» Exercise data
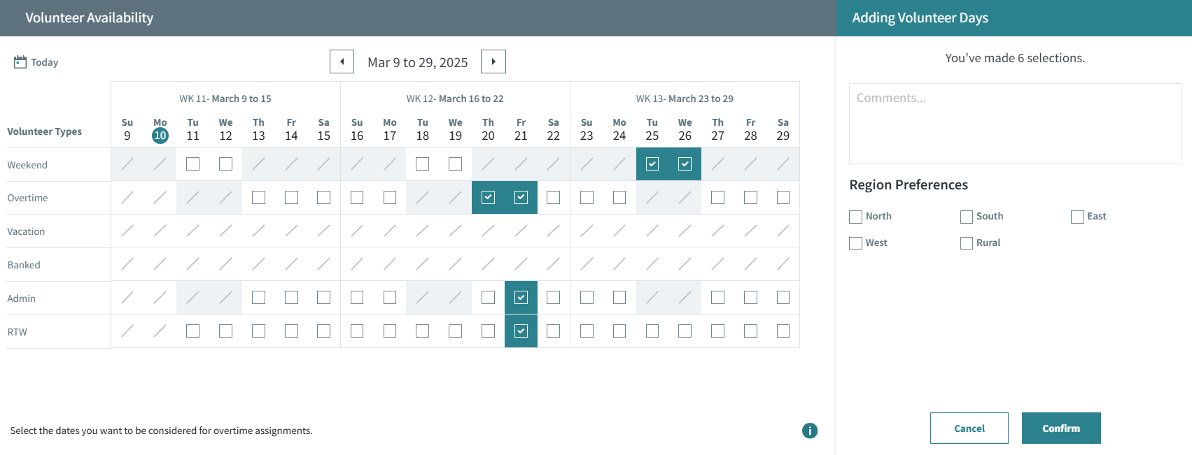 - Optional: To edit the volunteer request, select the volunteer card on the date, select Edit Request, and then update the Comments or Region Preferences. Select Update and then Close.
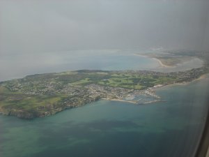 Fortunately, we made it to the airport in one piece and on time. Then we got breakfast, which made me very happy. It actually had real fried eggs, something I have not had since I left, and ham. When we were landing, it was really clear and you could see all of the cliffs on the coast. It was so beautiful.
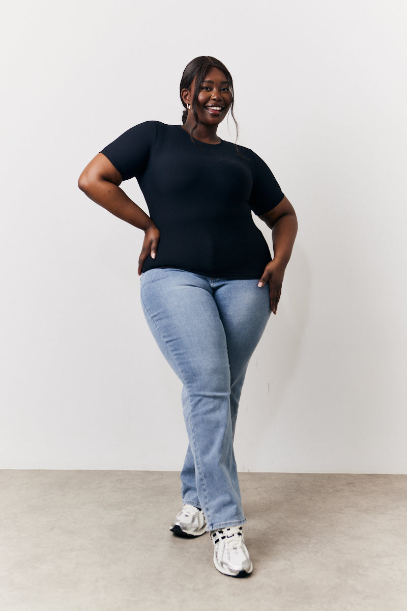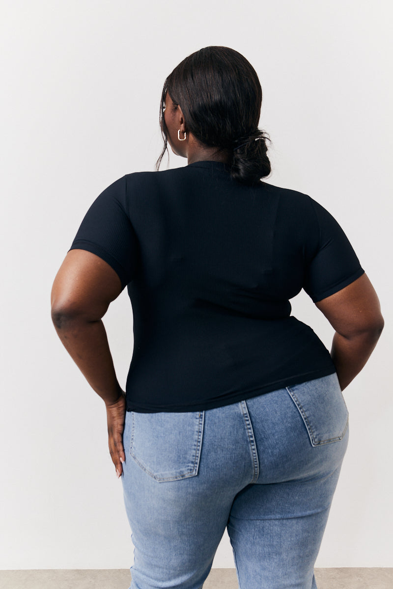 Black Ribbed Crew Neck Short Sleeve Top

» Work order
Full transcription of the material, exact in every line, without images.

» Answer section
 - Optional: To edit the volunteer request, select the volunteer card on the date, select Edit Request, and then update the Comments or Region Preferences. Select Update and then Close.
 Fortunately, we made it to the airport in one piece and on time. Then we got breakfast, which made me very happy. It actually had real fried eggs, something I have not had since I left, and ham. When we were landing, it was really clear and you could see all of the cliffs on the coast. It was so beautiful.
 Black Ribbed Crew Neck Short Sleeve Top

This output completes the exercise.